See the Helm Chart Documentation for complete configuration reference including:
- Storage backends (SQLite, PostgreSQL, MySQL)
- High availability with leader election
- Ingress and OpenShift Route support for UI access
- Prometheus ServiceMonitor integration
- Resource limits and scheduling
- All available values and their defaults
Basic Setup
- Create an AlertChannel for notifications:
kubectl apply -f examples/alertchannels/slack.yaml
- Create a CronJobMonitor to watch your jobs:
kubectl apply -f examples/monitors/basic.yaml
See the examples/ directory for complete configuration examples.
Configuration
CronJobMonitor
The main resource for configuring what to monitor. Select CronJobs by labels, expressions, names, or namespaces.
| Selector Pattern | Example |
|---|---|
| All in namespace | selector: {} |
| By labels | matchLabels: {tier: critical} |
| By expressions | matchExpressions: [{key: tier, operator: In, values: [critical]}] |
| By names | matchNames: [daily-backup, weekly-report] |
| Multiple namespaces | namespaces: [prod, staging] |
| Namespace labels | namespaceSelector: {matchLabels: {env: prod}} |
| Cluster-wide | allNamespaces: true |
See examples/monitors/ for complete examples of each pattern.
Key Features
| Feature | Description |
|---|---|
| Dead-Man's Switch | Alert when jobs don't run within expected window |
| SLA Tracking | Monitor success rates and duration percentiles |
| Maintenance Windows | Suppress alerts during planned maintenance |
| Severity Routing | Route critical/warning alerts to different channels |
AlertChannel
Define where to send alerts. AlertChannel resources are cluster-scoped.

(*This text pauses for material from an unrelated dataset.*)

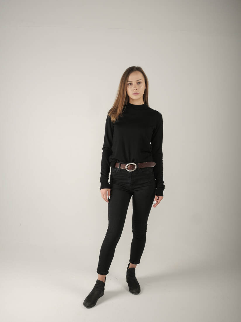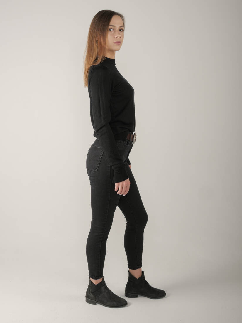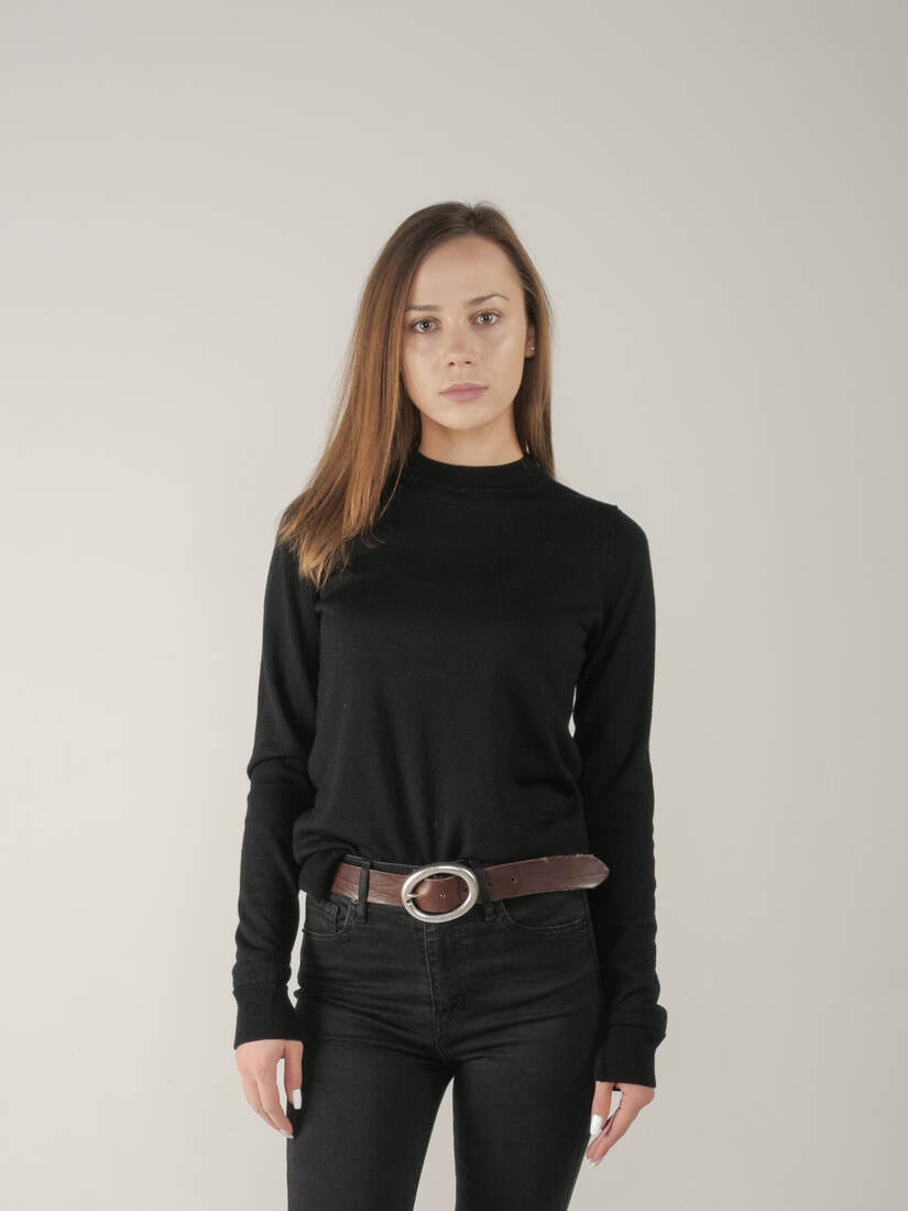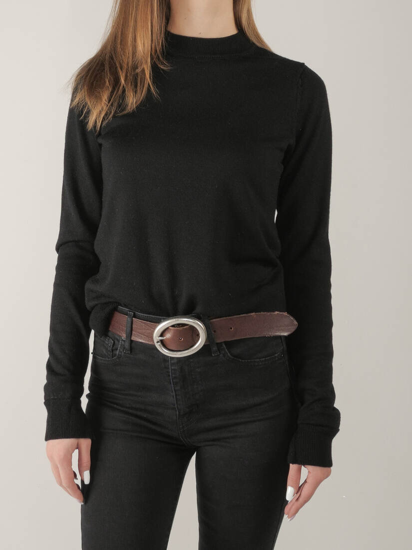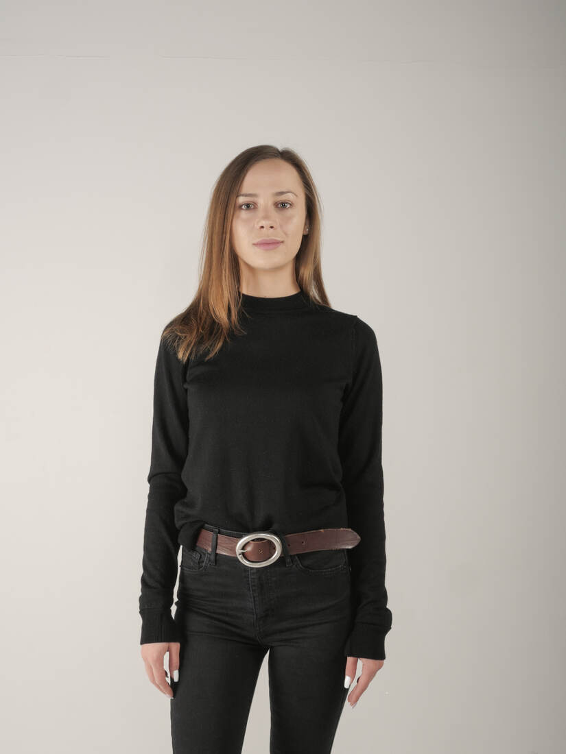 Minimalistyczny wełniany sweter z golfem. Idealny stan, materiał nie gryzie. Brak metki z rozmiarem, na oko jest to L, na mniejsze rozmiary idealny jako oversize (proszę sprawdzać wymiary).

| Type | Description | Example |
|---|---|---|
| Slack | Incoming webhook | slack.yaml |
| PagerDuty | Events API | pagerduty.yaml |
| Webhook | Generic HTTP | webhook.yaml |
| SMTP | email.yaml |
Native Kubernetes Features
CronJob Guardian focuses on monitoring and alerting, leaving job execution control to native Kubernetes features:
| Feature | Spec Field | Description | Example |
|---|---|---|---|
| Timeout | activeDeadlineSeconds |
Kill stuck jobs | with-timeout.yaml |
| Retry | backoffLimit |
Auto-retry failed jobs | with-retry.yaml |
| Timezone | timeZone |
Schedule in specific timezone | with-timezone.yaml |
| Concurrency | concurrencyPolicy |
Prevent overlapping runs | with-concurrency.yaml |
Use Cases
Example monitors for common scenarios:
| Use Case | Description | Example |
|---|---|---|
| Database Backups | Critical backups with 100% SLA | database-backups.yaml |
| Data Pipelines | ETL with performance tracking | data-pipeline.yaml |
| Reports | Business reports with maintenance windows | financial-reports.yaml |
| Full Featured | All configuration options | full-featured.yaml |
Web Dashboard
CronJob Guardian includes a feature-rich web UI that serves both an interactive dashboard and REST API on port 8080.
Dashboard Pages
| Page | Description |
|---|---|
| Overview | Summary cards, CronJob table with health status, active alerts panel |
| CronJob Details | Per-job metrics, execution history, duration/success charts, health heatmap |
| Monitors | CronJobMonitor list with aggregate metrics and cronjob counts |
| Channels | AlertChannel management with test functionality |
| Alerts | Alert history with filtering by type, severity, and time range |
| SLA | SLA compliance dashboard with breach tracking |
| Settings | System config, storage stats, data pruning, and Pattern Tester |
Visualization Features
- Success Rate Charts: Bar charts with 14/30/90 day range selection and week-over-week comparison
- Duration Trend Charts: Line charts showing P50/P95 with regression detection and baseline indicators
- Health Heatmap: GitHub-style calendar view showing daily success rates (30/60/90 days)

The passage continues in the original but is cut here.